◆ REQUIRED ACTION: Leave every picture out and write out the records below exactly.

------ SOURCE DATA

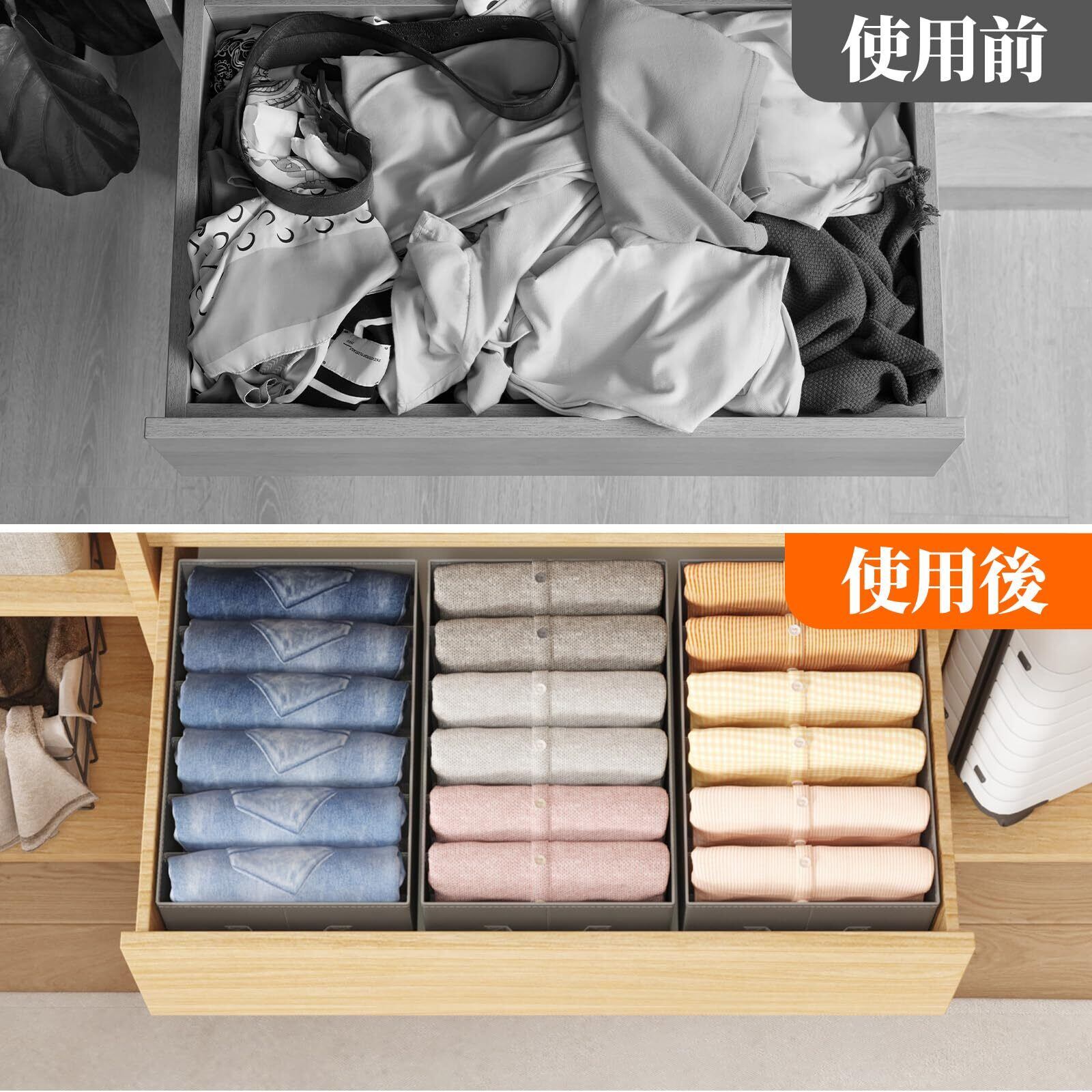 大容量:クローゼット用収納ケースのサイズは42x27x17cm。収納スペースが6個あり、十分な収納容量です。各収納スペースは幅7cmと広く、ズボン、ジーンズ、Tシャツ、セーター、タオル、レギンスなどをシームレスに整理・分類できます。
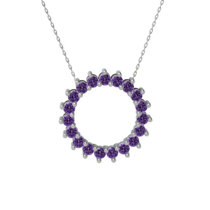 Ametist 8 ayar beyaz altın kolye (40 cm gümüş rolo zincir)
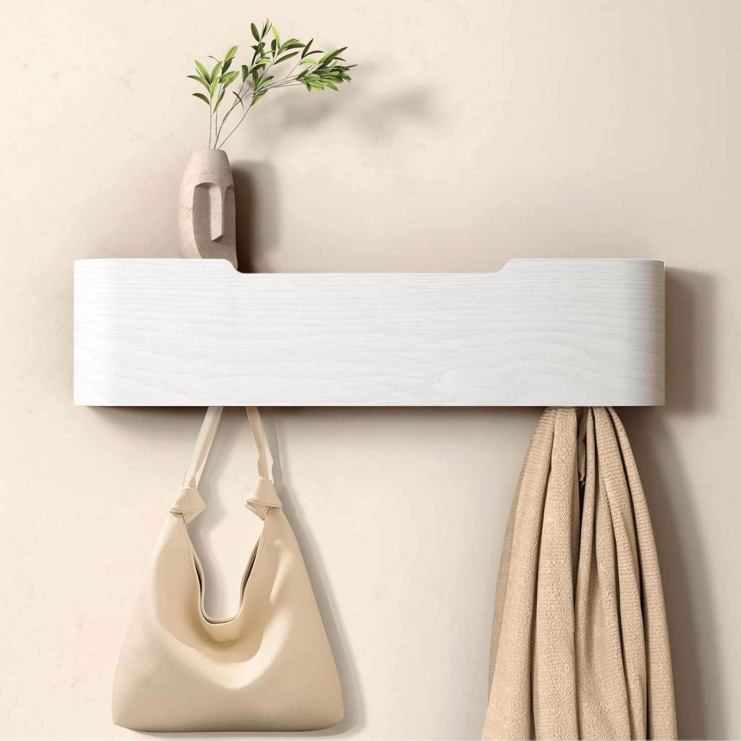 - 【Discreet Hook Design】: This wooden coat rack features a hidden hook structure that avoids visual clutter caused by exposed hooks. Perfect for entryways, bedrooms, and other spaces where cleanliness is prioritized, it serves as both a storage solution and a wall decoration, seamlessly blending into various home decor styles
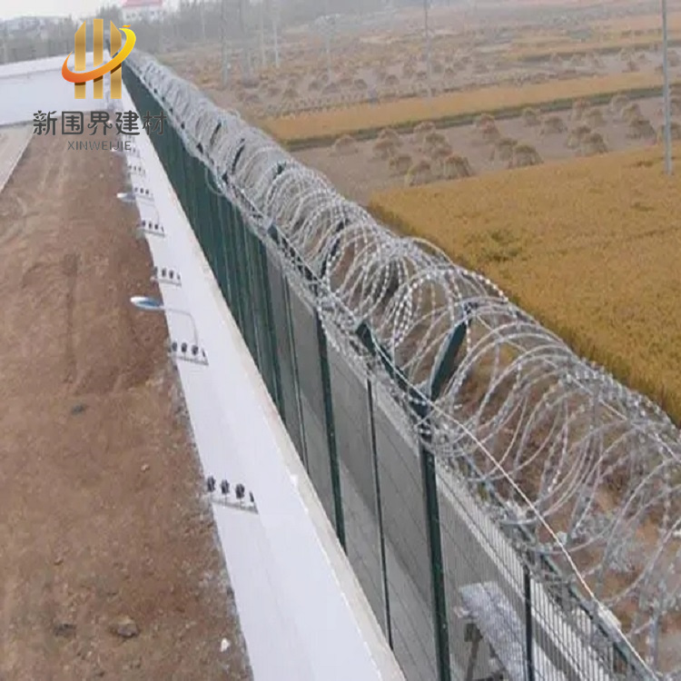 是由V型支架立柱,焊接網(wǎng)片,安全防盜連接件和刀片刺繩組成。其強度和安全防御性級別很高。其產(chǎn)品造型美觀、花色多樣,既起到圍欄作用,又起到美化作用。由于具有安全性高、防攀爬能力好。焊接刀刺網(wǎng)可平地安裝,也可在圍墻上二次安裝,有效防止攀逃。
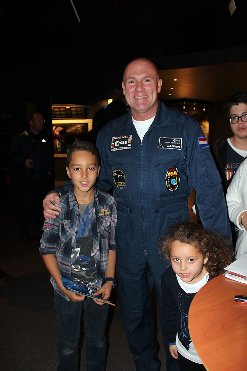 André Kuipers with Justin and Dunya Plas, November 3, 2013, Noordwijk, The Netherlands (Credit: Mark Plas);
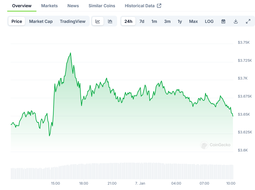 Ethereum has surged past $3,670, marking its fourth approach toward the stubborn $4,000 resistance level in 2024. The second-largest cryptocurrency by market capitalization currently trades at $3,696, showing a 1.9% increase over the past 24 hours.

------------

◆ RESULT FOR THIS EXERCISE:
 大容量:クローゼット用収納ケースのサイズは42x27x17cm。収納スペースが6個あり、十分な収納容量です。各収納スペースは幅7cmと広く、ズボン、ジーンズ、Tシャツ、セーター、タオル、レギンスなどをシームレスに整理・分類できます。
 Ametist 8 ayar beyaz altın kolye (40 cm gümüş rolo zincir)
 - 【Discreet Hook Design】: This wooden coat rack features a hidden hook structure that avoids visual clutter caused by exposed hooks. Perfect for entryways, bedrooms, and other spaces where cleanliness is prioritized, it serves as both a storage solution and a wall decoration, seamlessly blending into various home decor styles
 是由V型支架立柱,焊接網(wǎng)片,安全防盜連接件和刀片刺繩組成。其強度和安全防御性級別很高。其產(chǎn)品造型美觀、花色多樣,既起到圍欄作用,又起到美化作用。由于具有安全性高、防攀爬能力好。焊接刀刺網(wǎng)可平地安裝,也可在圍墻上二次安裝,有效防止攀逃。
 André Kuipers with Justin and Dunya Plas, November 3, 2013, Noordwijk, The Netherlands (Credit: Mark Plas);
 Ethereum has surged past $3,670, marking its fourth approach toward the stubborn $4,000 resistance level in 2024. The second-largest cryptocurrency by market capitalization currently trades at $3,696, showing a 1.9% increase over the past 24 hours.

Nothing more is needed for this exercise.